Workflow for intestinal organoid generation and monolayer preparation

(A) Schematic representation of tissue processing, crypt isolation, and embedding in BME domes to establish 3D intestinal organoids.

(B) Overview of organoid dissociation and seeding onto wells to generate organoid-derived monolayers (ODMs).

(C) BME domes containing organoids; (D) Bright field image of organoids ready for ODM seeding; (E) Bright field image of organoids not suitable for ODM seeding. They have overgrown and there are too many dead cells in the lumen. Scale bar: 100 μm. Created with Biorender.com.

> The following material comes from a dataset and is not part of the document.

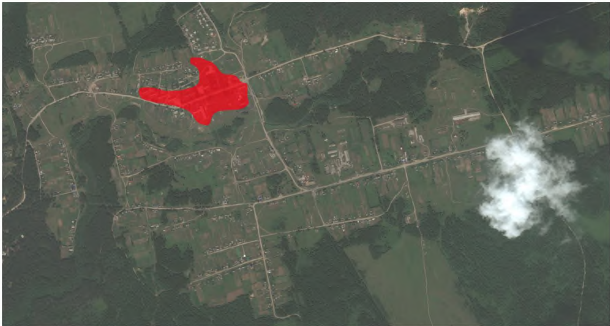
Рис. 2.1 – Зона действия теплоснабжения муниципального образования «Нижнебузулинский сельсовет»

Cell culture infections and induction of parasite (sexual) differentiation

Timing: 7 days

This step details the infection of hRPE (Figure 2A) and ODMs (Figure 3A) under FELIX treatment combined with conditional MORC depletion to drive T. gondii toward pre-sexual and sexual differentiation.

• 5.
  hRPE infection with T. gondii.

  • a.
    One day before infection, seed hRPE cells in sealed cap T25 flasks) to reach 80%–90% confluence at the time of infection following cell culture description in section 2 (Figure 2B).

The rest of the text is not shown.